Please repeat exactly the lines below from the line with "A cheerful professional" to the line with "对协作平台提供支持服务,,,支持企业应用", including both, and leave out every picture.

(Records provided Opens)

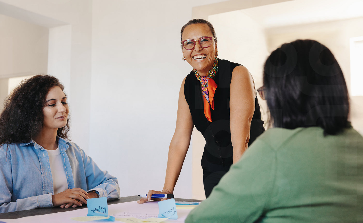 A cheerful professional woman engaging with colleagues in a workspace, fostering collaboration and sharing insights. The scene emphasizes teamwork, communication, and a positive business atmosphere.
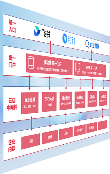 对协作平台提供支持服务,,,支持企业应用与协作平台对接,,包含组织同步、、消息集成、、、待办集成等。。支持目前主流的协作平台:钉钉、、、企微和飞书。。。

(Records provided Closes)
(Records provided Opens)

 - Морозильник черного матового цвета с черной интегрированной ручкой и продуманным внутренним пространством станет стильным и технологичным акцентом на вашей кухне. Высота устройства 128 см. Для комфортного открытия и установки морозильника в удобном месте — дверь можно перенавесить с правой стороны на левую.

(Records provided Closes)

## Response area
 A cheerful professional woman engaging with colleagues in a workspace, fostering collaboration and sharing insights. The scene emphasizes teamwork, communication, and a positive business atmosphere.
 对协作平台提供支持服务,,,支持企业应用与协作平台对接,,包含组织同步、、消息集成、、、待办集成等。。支持目前主流的协作平台:钉钉、、、企微和飞书。。。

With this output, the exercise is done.